In the Shiv Nagar slum about half a mile from the factory, there is a
boy, Akash, who was born with an empty socket for a left eye. Now 6, he
cannot see properly or speak. He is a cheerful child who plays in the
lanes near his house.
His father, Shobha Ram, a maker of sweets who bought land here many
years after the gas leak and built himself a two-room house, said the
boy’s afflictions were caused by the hand-pumped well from where his
family drew water on the edge of the sludge pond for years. He said it
had not occurred to him that the water could be laced with pesticides.
“We knew the gas incident took place,” he said. “We never thought the
contaminated water would come all the way to our house.”
The stories repeat themselves in the nearby slums. In Blue Moon,
Muskan, a 2-year-old girl, cannot walk, speak or understand what is
happening around her. Her father, Anwar, blames the water.

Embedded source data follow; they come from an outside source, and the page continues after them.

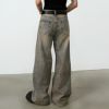 ■バイオブリーチ加工で色落ちさせたワイドデニムパンツ バイオブリーチ加工でムラ感のある色落ちをさせ、擦り、髭加工で濃淡をつけ、オーバーダイ加工(汚し加工)で仕上げした拘りの一本です。
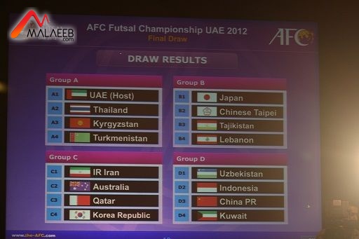 www.mwlweeb.com - وضعت قرعة كأس آسيا 2012 لكرة القدم للصالات "الفوتسال" التي سحبت في دبي، منتخب لبنان في المجموعة الثانية الى جانب منتخبات اليابان وتايبه وطاجيكستان.
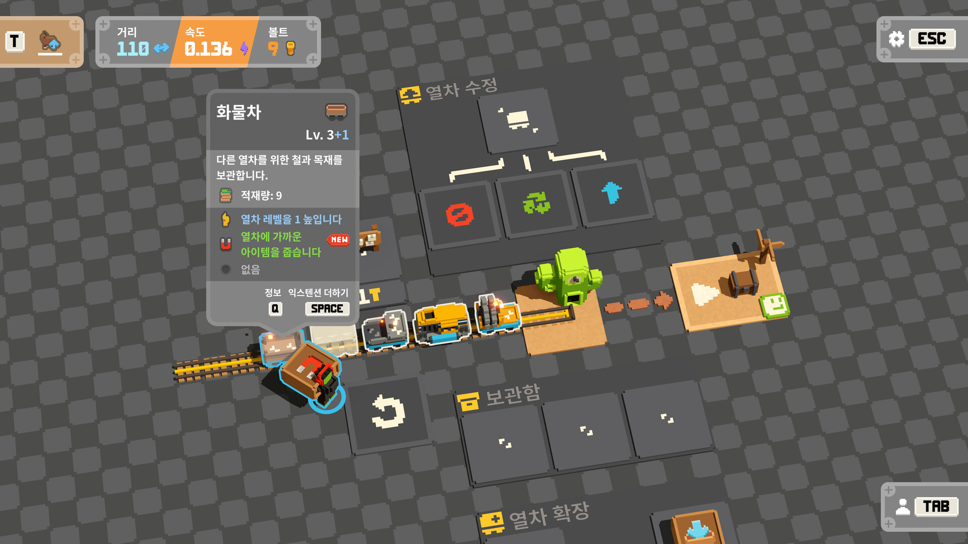 새로운 보상과 영구 업그레이드를 통해 게임 플레이를 변화시키는 능력을 가진 캐릭터를 획득하고, 새로운 기차 엔진, 화물칸 및 확장 장치를 잠금 해제하여 다양한 기차 구성을 만들어 플레이하고 테스트할 수 있는 도구를 제공하므로 모든 여정이 점점 더 의미 있게 느껴집니다. 기관차를 잃을 때마다 재구축하고 다시 트랙에 오를 수 있는 기회가 주어집니다!
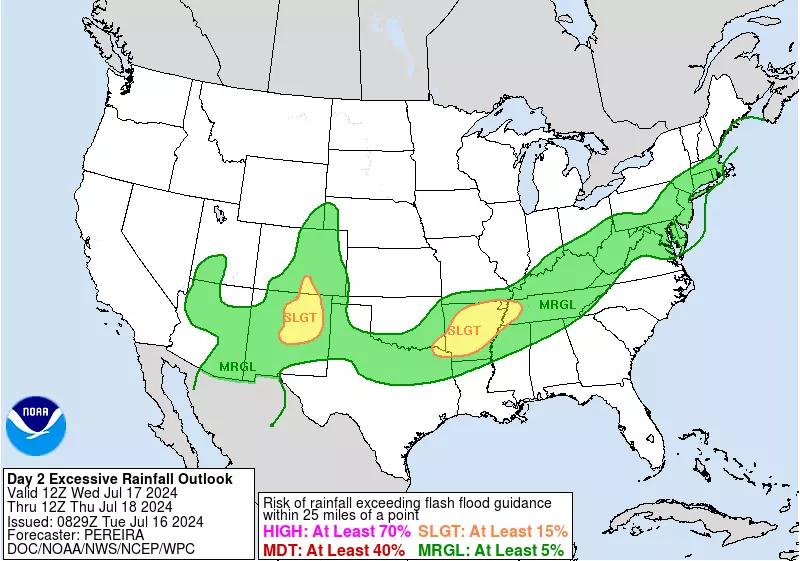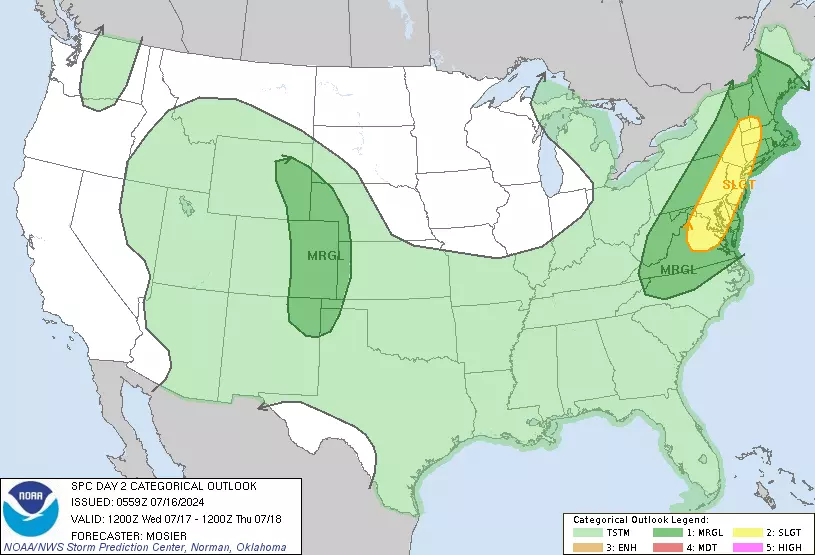 There is a chance of a thunderstorm after about 5 p.m. Tuesday, centered on the evening hours. I am not convinced this complex of rain will make it through New Jersey before it completely falls apart. But just in case, it is worth mentioning. Especially since if a storm does arrive, it could be on the strong side with a quick downpour, wicked lightning, and gusty winds. The Storm Prediction has even pegged New Jersey with a "Slight Risk" (level 2 of 5) on Tuesday's severe weather outlook.
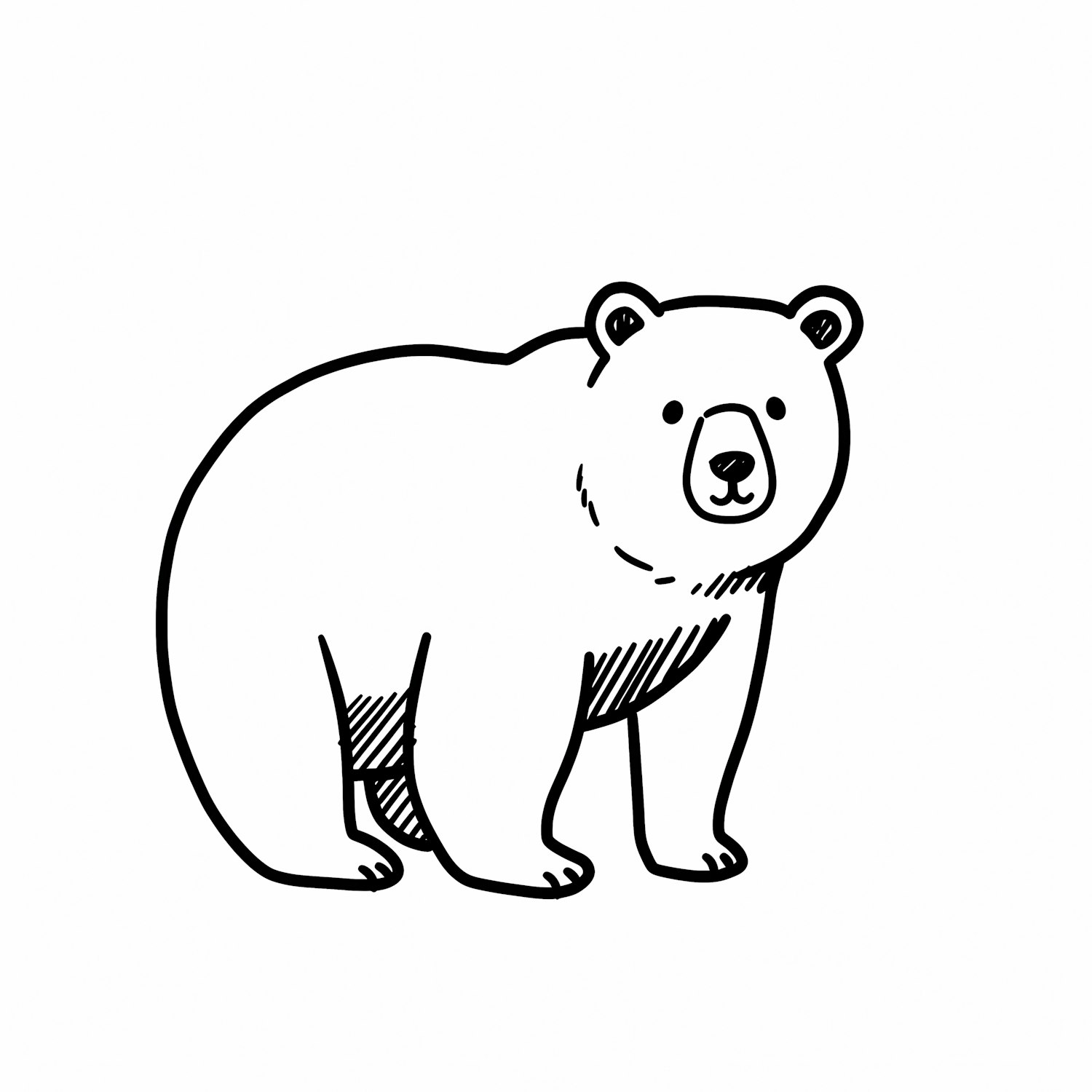 A charming black-and-white line drawing of a bear, perfect for educational or creative projects.
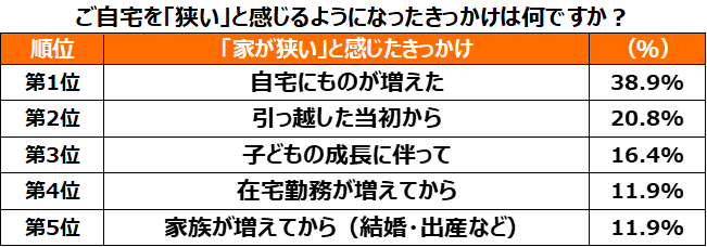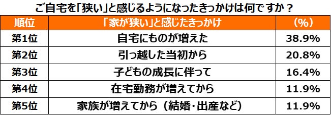 ◆「家が狭い」と感じ始めた理由は“ものの増加”が最多
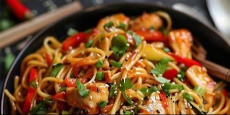 Pâtes alimentaires, poivrons rouges, poivrons verts, carottes, oignon, échalottes vertes, sésame, sauce soya, sauce hoisin, sel, poivre.
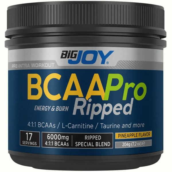 Bigjoy Bcaapro Ripped, her porsiyonunda 4:1:1 BCAA oranına sahip 6000 mg BCAA sunar.
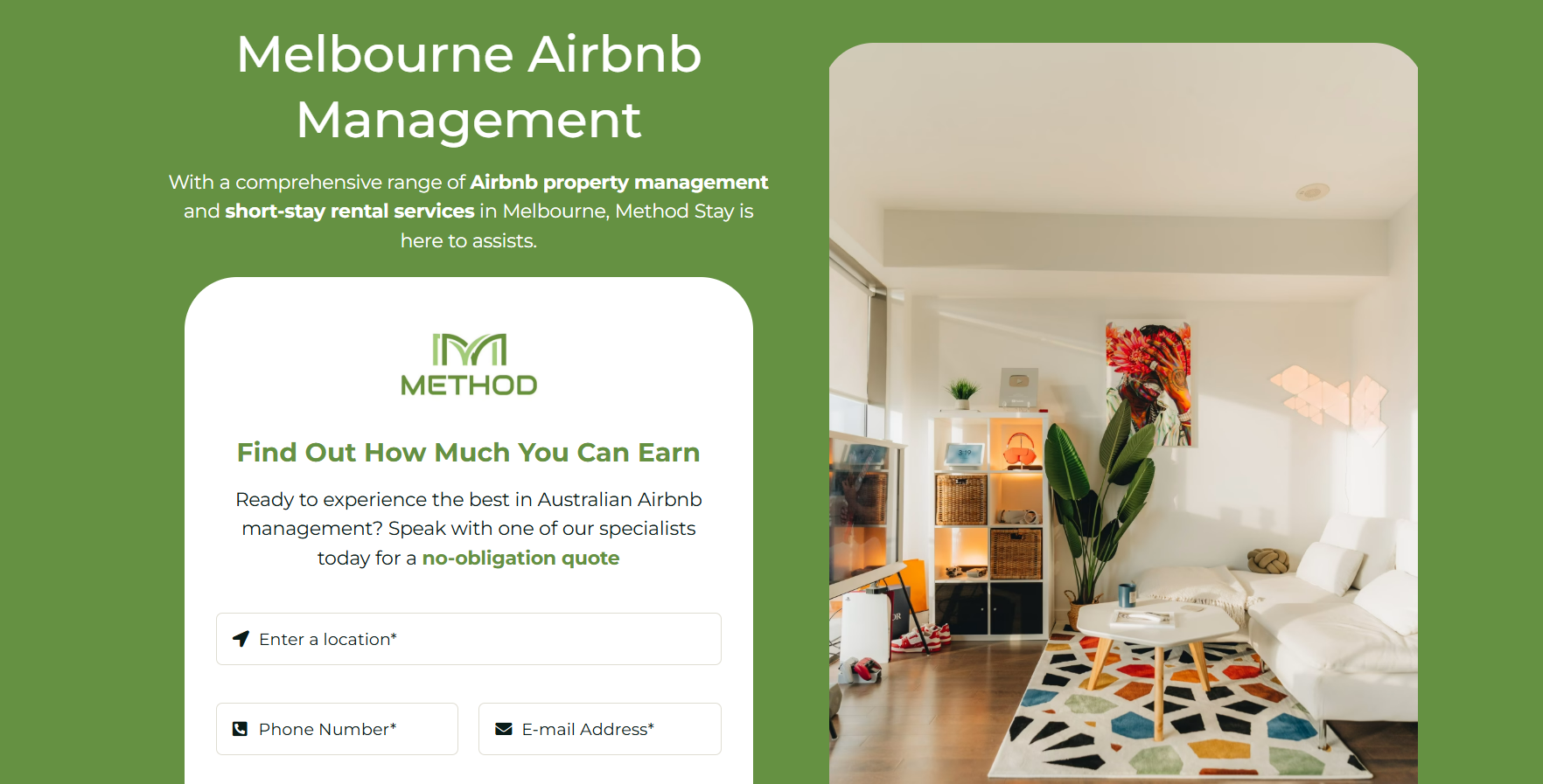 Method Stay is a comprehensive short term rental service provider for Melbourne’s most sought-after suburbs with a team of certified property managers. Whether it’s a stylish apartment in Southbank, a family home in Burwood, or a beachside escape in St Kilda, our tailored services ensure maximum occupancy and premium guest experiences. With deep local knowledge and proven results, we help property owners attract the right guests and grow their rental income across Greater Melbourne.
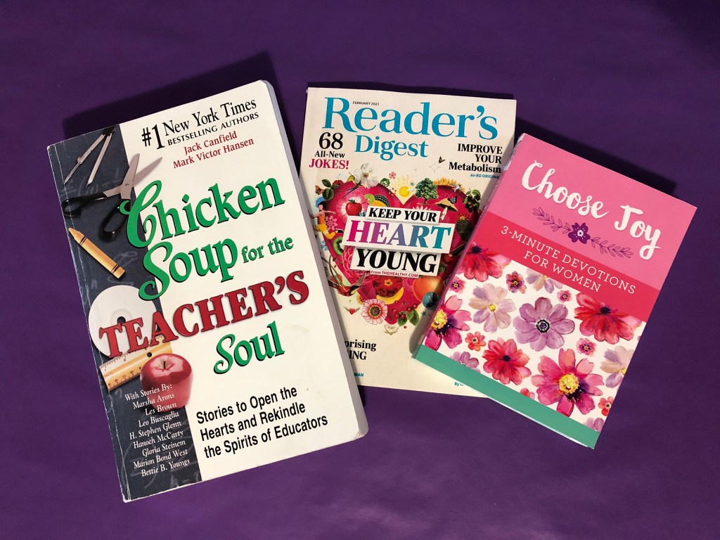 6. Reading novels is replaced with very short stories from magazines, daily devotional books, Reader’s Digest, or even one that was my “go-to” favorite – Chicken Soup for the Soul.
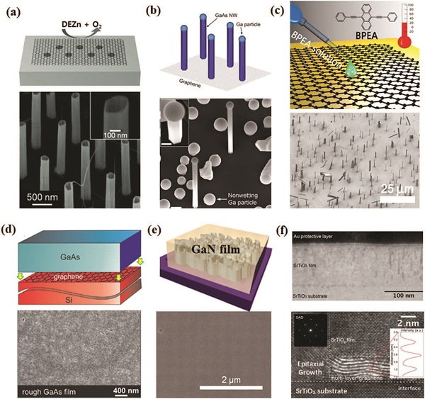 图2、在石墨烯层上直接生长1D纳米结构和3D薄膜以形成GR-1D和GR-3D MDW异质结构。(a)在石墨烯层上制造的1D ZnO纳米管的示意图和SEM,显示出复杂的位置和形态控制。(b)垂直排列的1D GaAs纳米线在石墨上的外延生长。(c)在石墨烯上的垂直单晶有机9,10-双(苯基乙炔基)蒽纳米线的溶液相外延生长。(d)石墨烯/硅衬底上的分子束外延生长的GaAs薄膜的示意图和SEM图像。(e)在ZnO涂覆的石墨烯上GaN层的外延生长。(f)SrTiO3/石墨烯/SrTiO3薄膜的横截面TEM,显示用脉冲激光沉积法在石墨烯上外延氧化物生长。
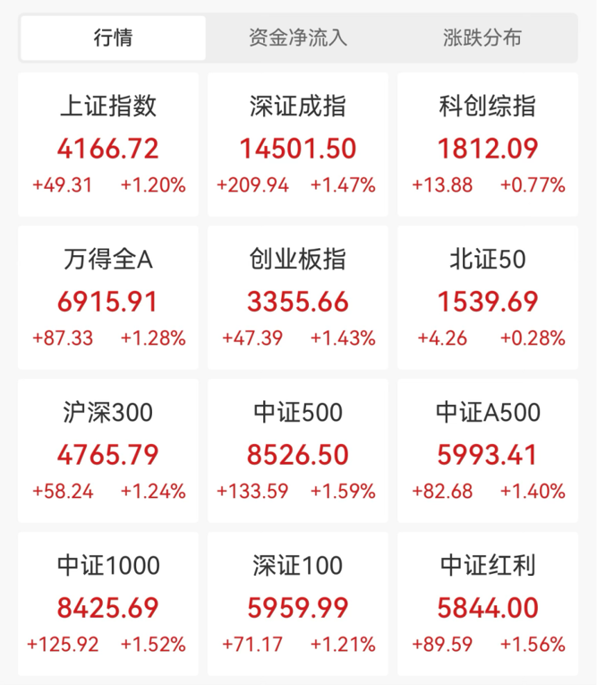 截至午间收盘,沪指报4166.72点,涨1.2%;深证成指涨1.47%,创业板指涨1.43%,科创综指涨0.77%,北证50指数涨0.28%。
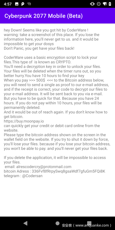 黑客对正版Cyberpunk2077应用进行了反编译,并对内部代码进行了修改,加入了勒索恶意代码。
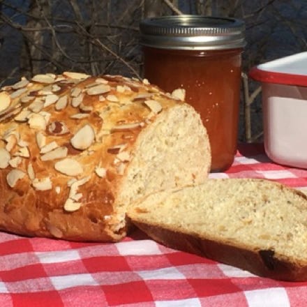 Made with flour, milk, butter, sugar, raisins, almonds, eggs, lemon, rum, vanilla, yeast, salt
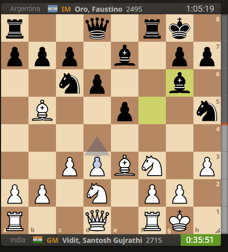 Vidit has white pieces but already is looking under some pressure as he is down to 35 minutes after just 11 moves. Oro, meanwilhe, has more than an hour.
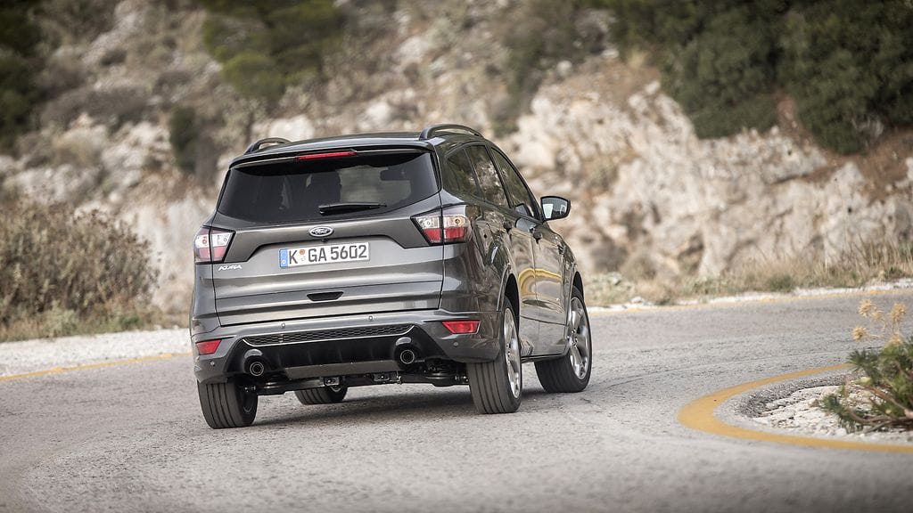 Ohjaamossa ST Line erottuu puolestaan perusversioista erilaisten ja osittain nahalla verhoiltujen istuimien avulla. Kuga on tietysti katumaasturi, joten urheiluauton ominaisuuksia siltä ei kannata odottaa. Kaarteisiin voi kuitenkin kantata nyt hieman reippaammin, sillä ST Linen alustaa ja jousitusta on säädetty aavistuksen verran sporttisempaan suuntaan – ja myös ohjaukseen on haettu piirun verran terävämpää tuntoa.
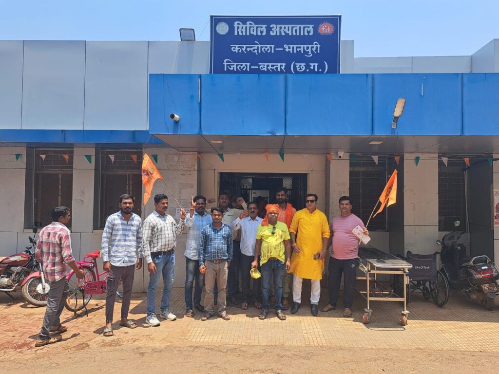 जगदलपुर। करंदोला भानपुरी में हनुमान जी का जन्मोत्सव बड़े ही धूमधाम से मनाया गया। जिम परिसर में महाबली हनुमान की पूजा अर्चना कर हनुमान चालीसा का पाठ किया गया। पूजा अर्चना के पश्चात सिविल अस्पताल भानपुरी में फल एवं प्रसाद का वितरण किया गया। संध्या में भंडारा का आयोजन कर सभी श्रद्धालुओं को प्रसाद वितरण किया गया। कार्यक्रम का आयोजन संतोष बघेल, भूषण गुप्ता, कृष्णा साहू, लोकेश पांडे, राजू तिवारी, रवि नामदेव, संजय तिवारी, उमाकांत कश्यप, गजेंद्र सिंह ठाकुर, पुरुषोत्तम नेताम, राकेश जैन, अरविंद वर्मा, खुलेश्वर कश्यप, अंजन मिस्त्री, छबिल ठाकुर, तरुण बघेल, श्रेयांश जैन, प्रभांशु शर्मा, रितेश तिवारी ,आदित्य तिवारी एवं ग्राम के युवाओं द्वारा किया गया। सैकड़ों श्रद्धालुओं ने प्रसाद ग्रहण किया।
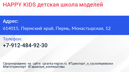 HAPPY KIDS, детская школа моделей по адресу 614015, Пермский край, Пермь, Монастырская, 12 в дальнейшем Организация, размещена в следующих категориях:
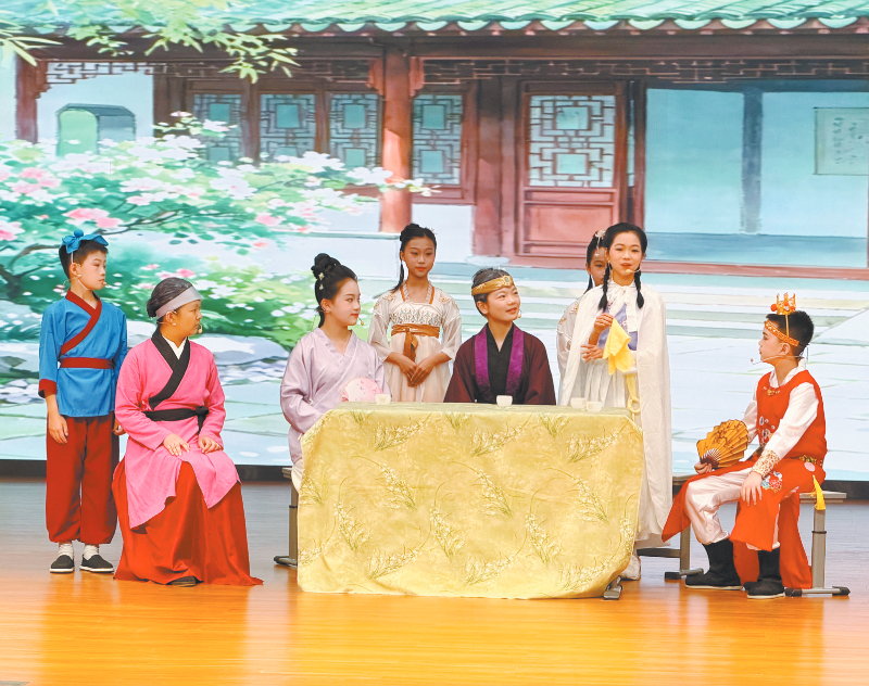 学生情景剧表演《妙玉请茶》。
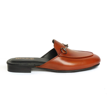 TanĀ leather formal mules with apron toe and designer horse-bit, makes it as elegant as any...

In Arif Nagar, Nawab and Hassan Mian, brothers who are 8 and 12, move
through their house like newly hatched birds, barely able to stand.
They have no control over their muscles. Their mother, Fareeda Bi, is
unsure of exactly what caused their ailment, but she, too, blames the
water.
“There are more children like this in the neighborhood,” she said, “who
cannot walk, who cannot see.”
To compound the tragedy, there is no way to know to what extent the
water is to blame. The government suspended long-term public health
studies many years ago.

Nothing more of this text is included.